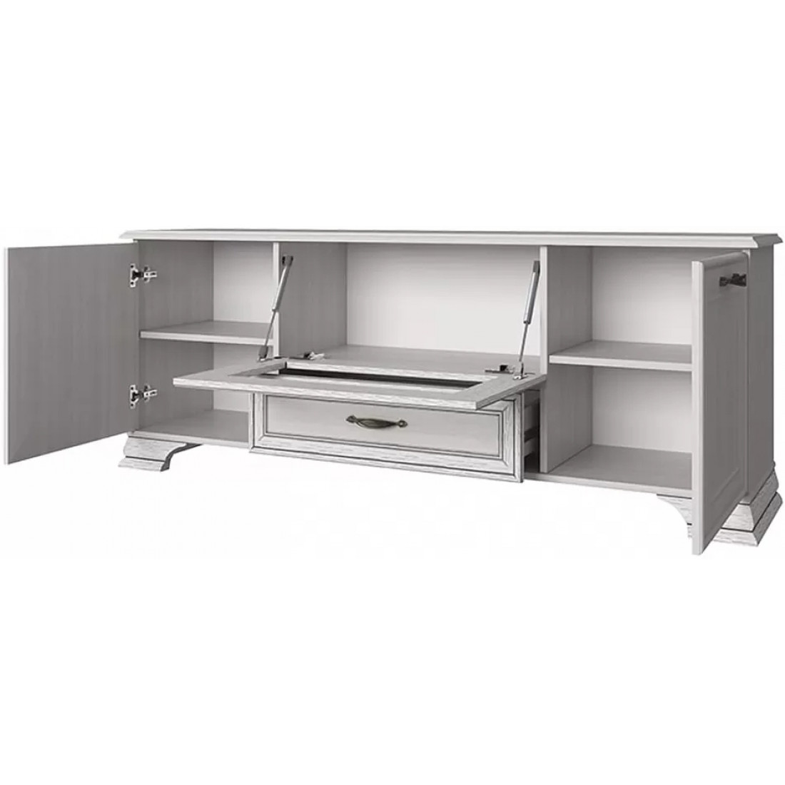 Тумба под телевизор Tiffany RTV 1V2D1S крем вудлайн роскошно дополнит различный по назначению интерьер. Это классика, которая всегда остается модной и стильной. Сочетание светлого оттенка с древесной структурой создадут атмосферу тепла и уюта в вашем доме.
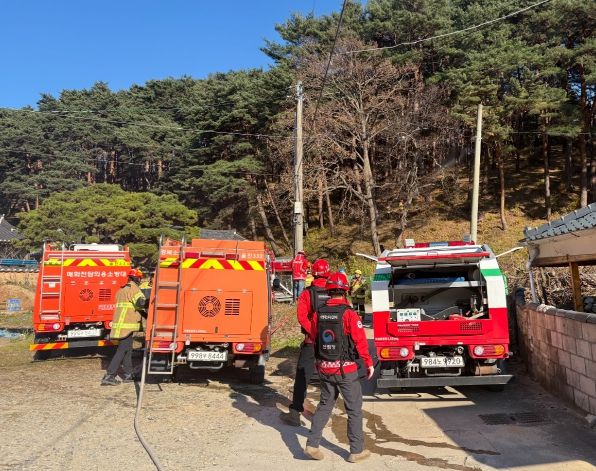 [ 중앙뉴스미디어 ] 울진소방서는 28일 울진군 기성면 소재 울진 평해황씨 해월종택에서 중요 목조문화재 및 산불진화 유관기관 합동소방훈련을 실시했다.
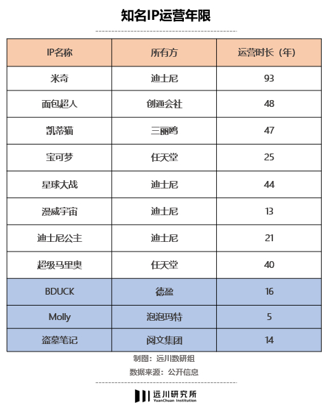 从时间上来看,中国文娱产业的兴起满打满算不过二三十年,目前国内IP最大的运营商阅文集团,它才成立于2015年,旗下的网络文学IP诞生最长也才21年,BDUCK的实际运营时间也为16年,国内基本上没有20年以上的IP。
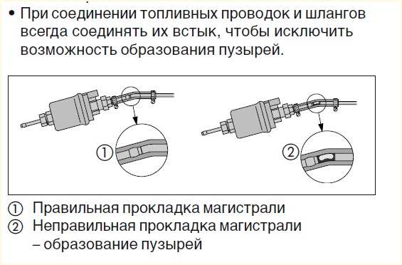 а. насос подкачки должен быть установлен ниже помпы мотора.
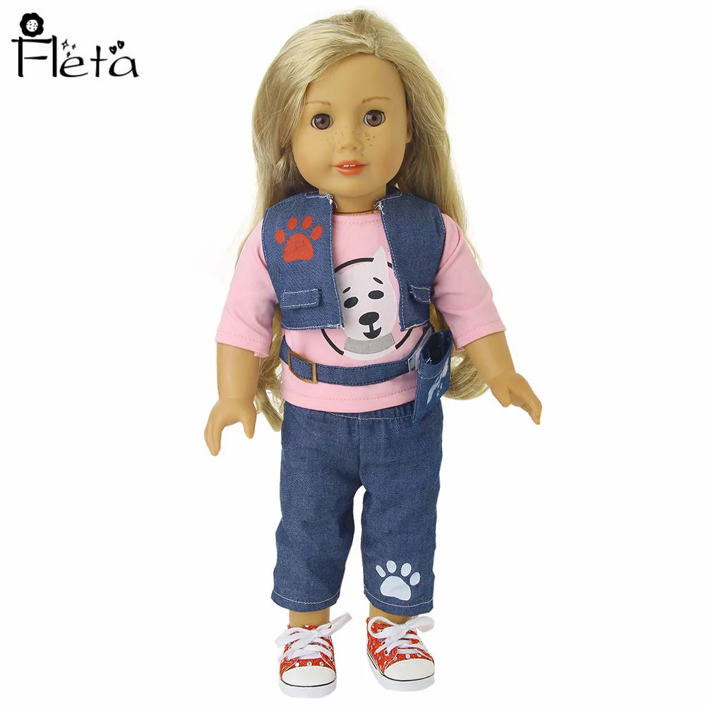 . Acheter Fleta poupée Nouveau Dessin Animé Poupée Ensemble 3 pièce Ensemble Denim Gilet + Rose de Bande Dessinée Shirt + Jeans pour 18 pouces Américain Poupée (Aucun Jouet Chien) Pas Cher En Ligne.
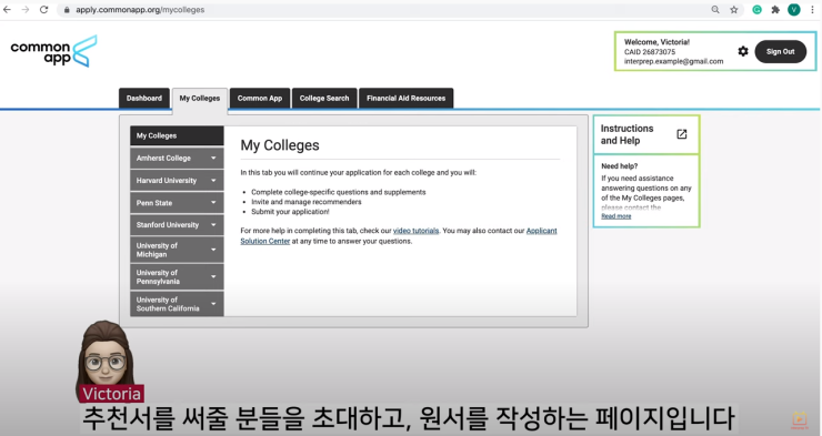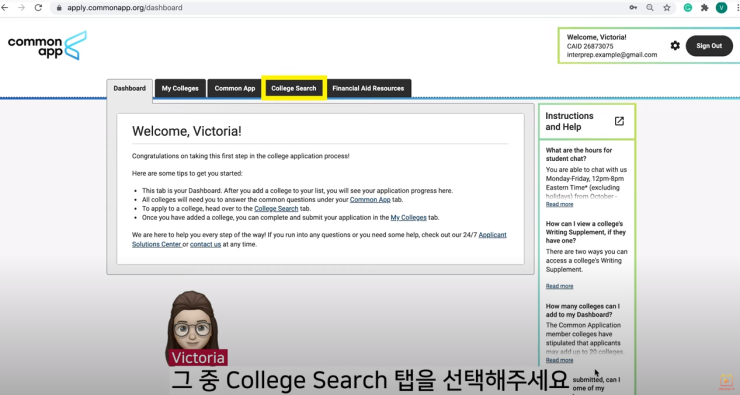 먼저, 커먼앱 (Common Application)에 들어가게 되면,
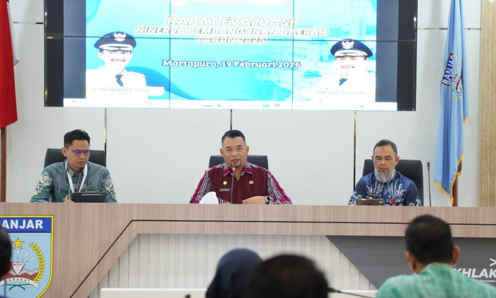 KANALKALIMANTAN.COM, MARTAPURA – Bupati Banjar H Saidi Mansyur yang diwakili Sekda Yudi Andrea membuka Rapat Evaluasi Pembangunan Daerah Tahun Anggaran 2025, di Aula Barakat, Martapura, Kamis (19/2/2026) sore.
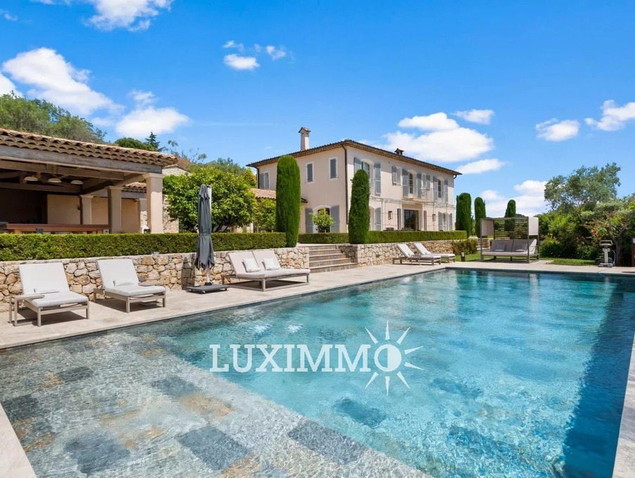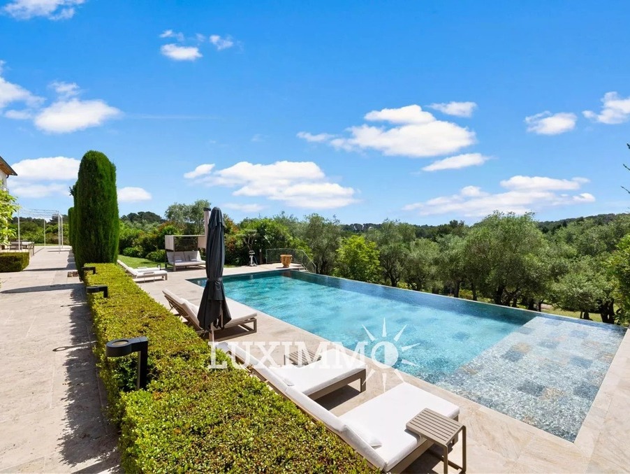 MOUANS-SARTOUX - Située dans un domaine fermé, en position dominante et au calme absolu, cette bastide aixoise de 360m² est édifiée sur un terrain de 6160m² avec piscine.

- _WHAT THE TASK REQUIRES_: Pictures don't belong in the copy. Restate all the entries exactly.

- _WRITTEN RESPONSE_:
 Тумба под телевизор Tiffany RTV 1V2D1S крем вудлайн роскошно дополнит различный по назначению интерьер. Это классика, которая всегда остается модной и стильной. Сочетание светлого оттенка с древесной структурой создадут атмосферу тепла и уюта в вашем доме.
 [ 중앙뉴스미디어 ] 울진소방서는 28일 울진군 기성면 소재 울진 평해황씨 해월종택에서 중요 목조문화재 및 산불진화 유관기관 합동소방훈련을 실시했다.
 从时间上来看,中国文娱产业的兴起满打满算不过二三十年,目前国内IP最大的运营商阅文集团,它才成立于2015年,旗下的网络文学IP诞生最长也才21年,BDUCK的实际运营时间也为16年,国内基本上没有20年以上的IP。
 а. насос подкачки должен быть установлен ниже помпы мотора.
 . Acheter Fleta poupée Nouveau Dessin Animé Poupée Ensemble 3 pièce Ensemble Denim Gilet + Rose de Bande Dessinée Shirt + Jeans pour 18 pouces Américain Poupée (Aucun Jouet Chien) Pas Cher En Ligne.
 먼저, 커먼앱 (Common Application)에 들어가게 되면,
 KANALKALIMANTAN.COM, MARTAPURA – Bupati Banjar H Saidi Mansyur yang diwakili Sekda Yudi Andrea membuka Rapat Evaluasi Pembangunan Daerah Tahun Anggaran 2025, di Aula Barakat, Martapura, Kamis (19/2/2026) sore.
 MOUANS-SARTOUX - Située dans un domaine fermé, en position dominante et au calme absolu, cette bastide aixoise de 360m² est édifiée sur un terrain de 6160m² avec piscine.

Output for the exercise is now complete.